Scripting is more about using code to do things within an existing app or software program’s capabilities, to gain new insight. It’s like designing an automated system for a house to have the lights go on and off at predetermined times, cause the robot vac to clean on a schedule, and using data to figure out the exact patterns of how much each room of the house is used, and when, so that the lights and floor-cleaning schedules are as accurate and personalized as possible.
I am a beginning developer, in the early stages of learning how to create something new from scratch. There are frameworks for building apps, that are sort of like systems that help people take a set of building plans and figure out how to build the house from them. How to calculate the amount of wood, concrete, etc., that they will need, and how to plan the building process. I’m learning from those and well on my way, but I’m not (yet) who you would hire to build you an app from scratch.
I am a strong scripter in the data science realm. I can take a massive, unwieldy, error-filled dataset and derive real insights. If you have a huge, nasty file (even an Excel file) that holds ten years of records for your online store, you could give it to me. I would be able to organize the data correctly, rigorously analyze it, and return actionable insights: things like figuring out when is your ideal time to launch new products, how the holiday season affects your refund rate, that Tuesday is consistently your slowest day (so if you need to cut down your customer service hours, that’s the safest day to close), whether coupon codes are worth the trouble, how much you’re spending on replacing lost packages from FedEx vs UPS vs the Post Office, etc. And I could produce really flashy, cool-looking graphics to help everyone on your team understand the insights, even the ones who swear they’re “not a math person.”

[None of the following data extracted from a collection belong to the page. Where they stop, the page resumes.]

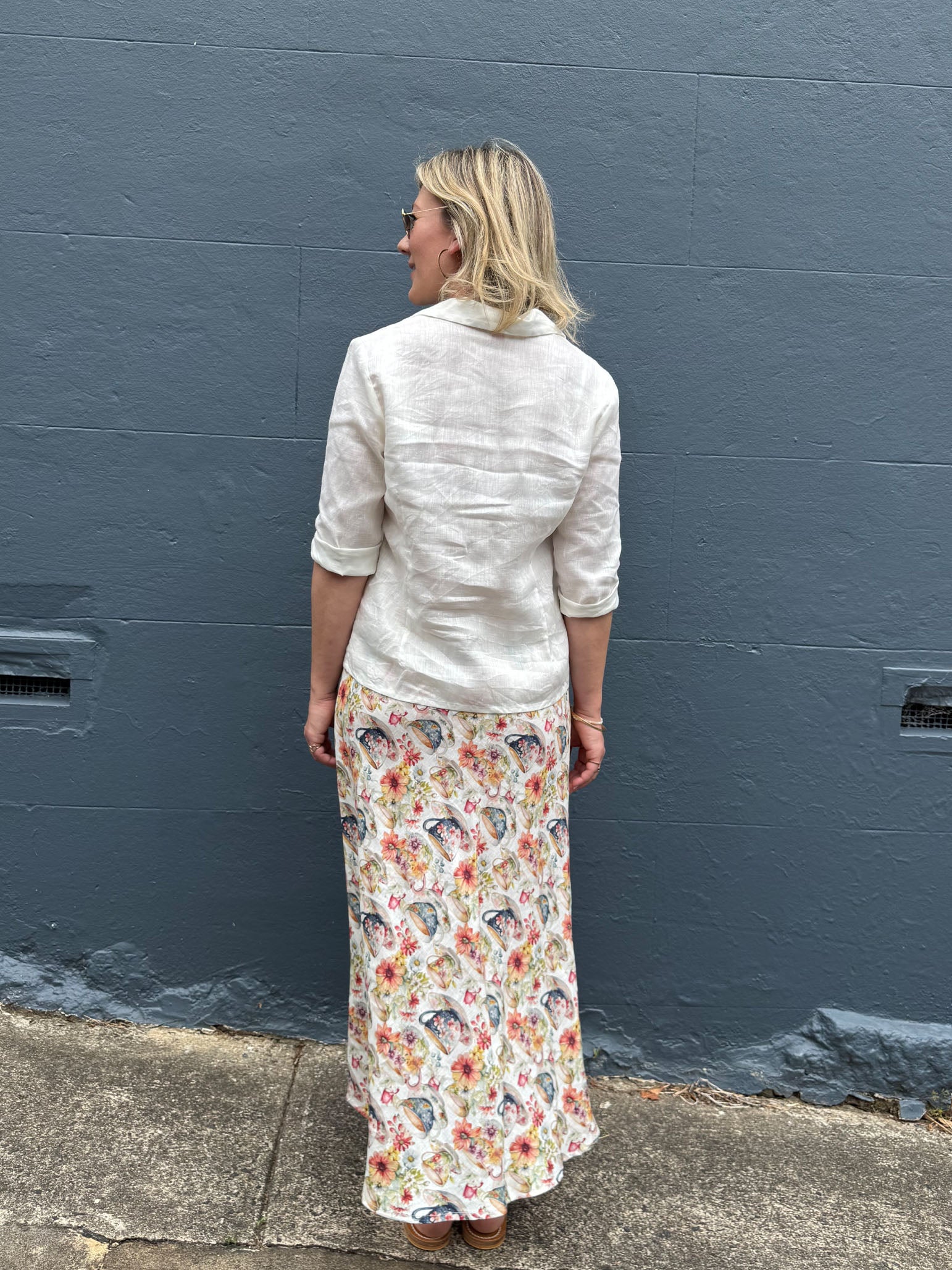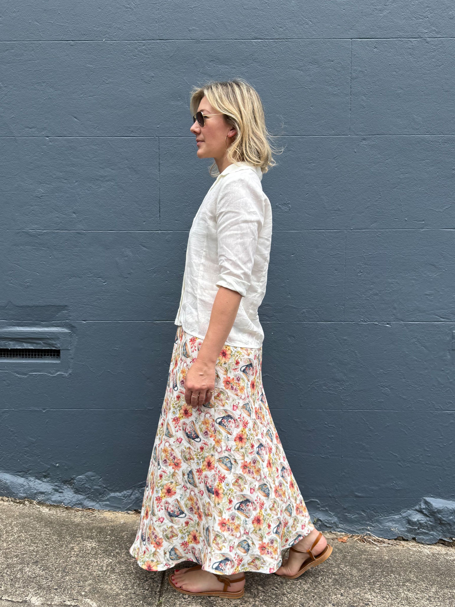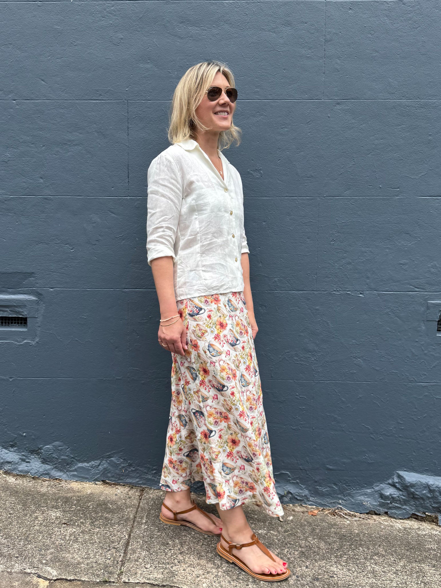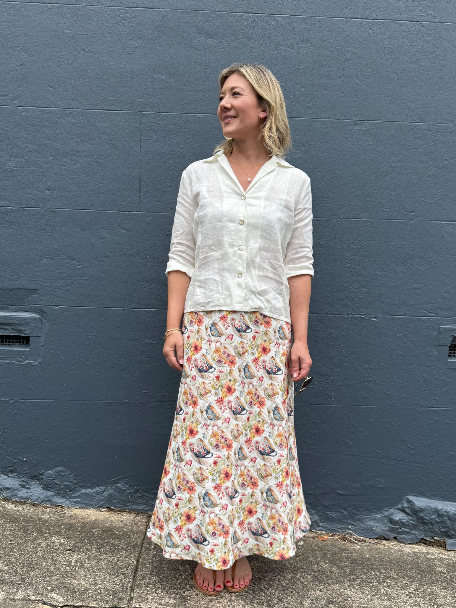 Jiva Midi Linen Prudence Skirt- Tea Cup Print
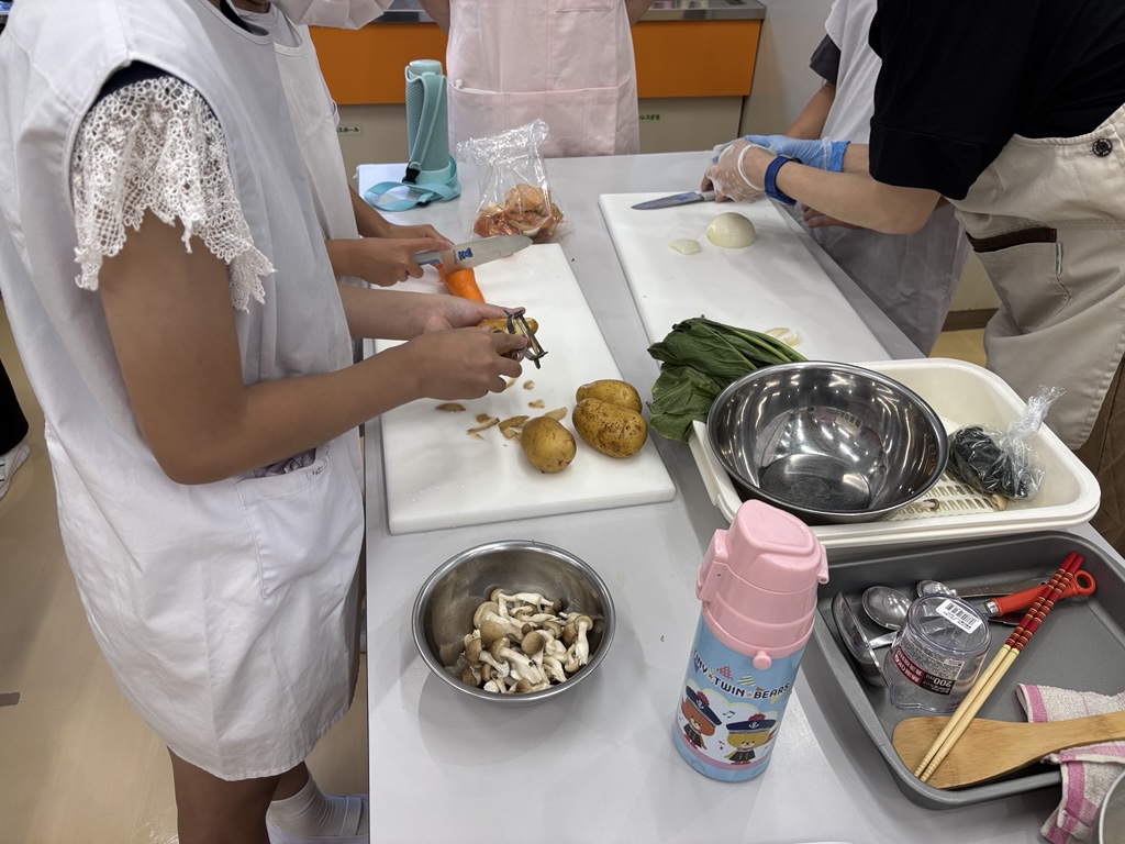 調理器具の使い方や野菜の切り方を学び、1人での調理に挑戦!基本の調理技術を身につけるとともに、災害時の備えについても確認しました。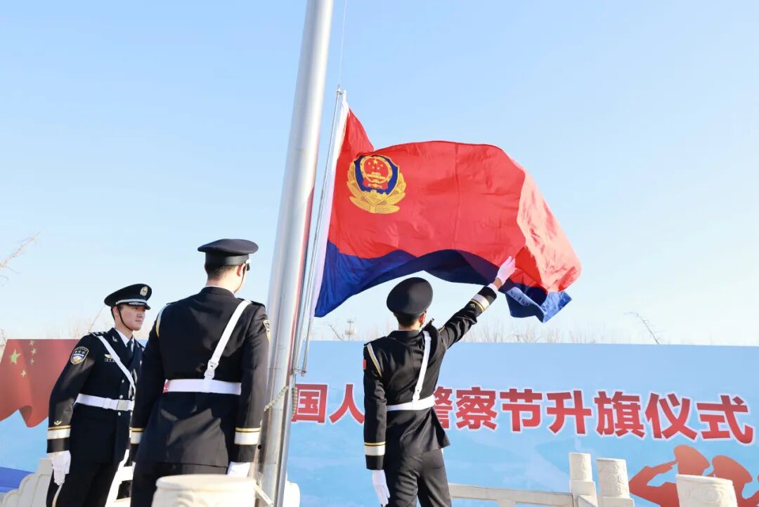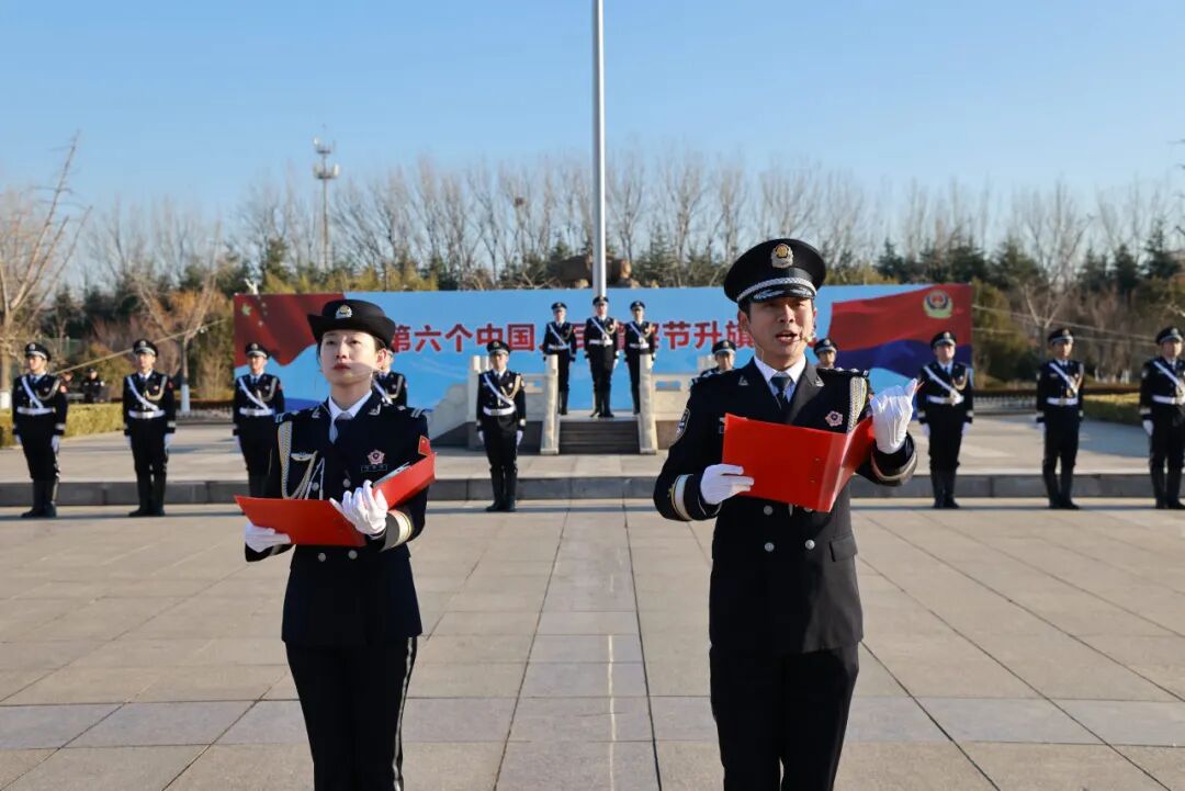 警旗猎猎,红蓝辉映,彰显忠诚与使命;警歌嘹亮,威武雄壮,弘扬正气与担当。1月9日上午9时30分,庆祝第六个中国人民警察节系列活动正式开始。护旗队行进步伐铿锵有力,伴随着昂扬的《中国人民警察警歌》,红蓝相间的警旗冉冉升起、迎风飘扬;参加活动的全体警察整齐列队、警容严整,面向警旗庄严敬礼,重温入警誓词;青年警察作表态发言。大家在铮铮誓言和激昂旋律中,进一步坚定理想信念、砥砺从警初心。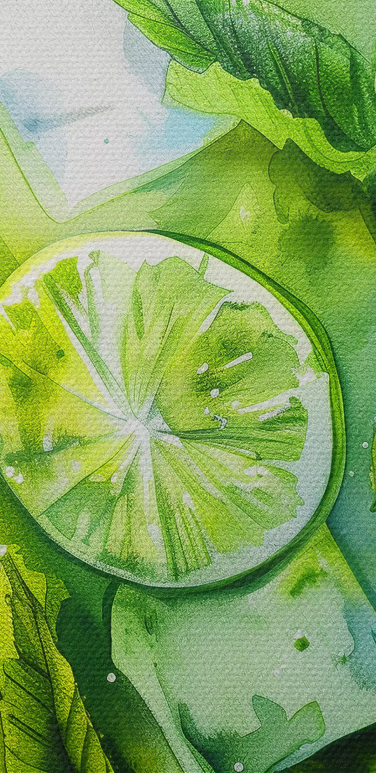 Gemälde Aquarell Sommercocktail, Mojito, Limette und Minze, Blumen, grüne Farben Art. s39712
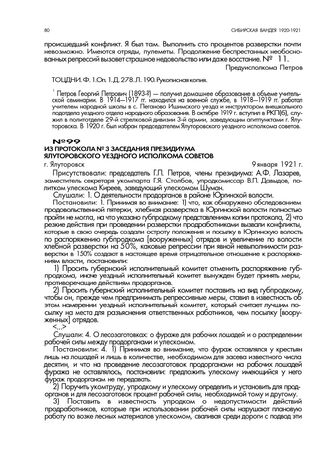 Из протокола № 3 заседания президиума Ялуторовского уездного исполкома советов. г. Ялуторовск. 9 января 1921 г. // ГАТО. Ф. р. 2. Оп. 1. Д. 99. Лл. 3, 4. Машинописная копия.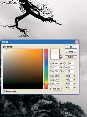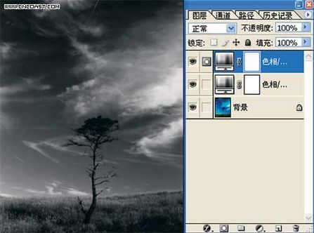 选择菜单“图层—新调整图层—色相/饱和度”,模式设为“颜色”,确定。在“色相/饱和度”对话框中,设定饱和度为-100。将图像由彩色转化为黑白。如图8

The guy who made me realize how totally fucked we all are is a very weak scripter who thinks he’s an expert developer.
He programmed a very simple web-scraper to go through Facebook Marketplace in his neighborhood and grab anything related to a word that would appear in ads related to one of his hobbies, then count how many relevant ads there were in each day.
It didn’t deliver him the ads.
It didn’t even link him to the ads.
It did nothing but return a number.
In his mind, his achievement, of having a script that notified him there were four ads he should look at, was the equivalent of developing a killer app that was ready for an IPO.
He once spent 30 minutes at an All Hands meeting walking everyone through how he had done this magical thing, made it so that every night when he sat down to go to Facebook Marketplace and read the ads, he already knew how many he would find related to his hobby.
I wish I were kidding.
That guy is responsible for the fact that the company no longer even tries to hire people with coding skills and is perfectly happy to get Excel users.
Why?
He convinced the higher-ups that ChatGPT means nobody needs to learn how to code.
This is beyond insanity, and means that the other two problems—how insecure your data really is in many cases, and how bad the offshoring problem is—will only get worse.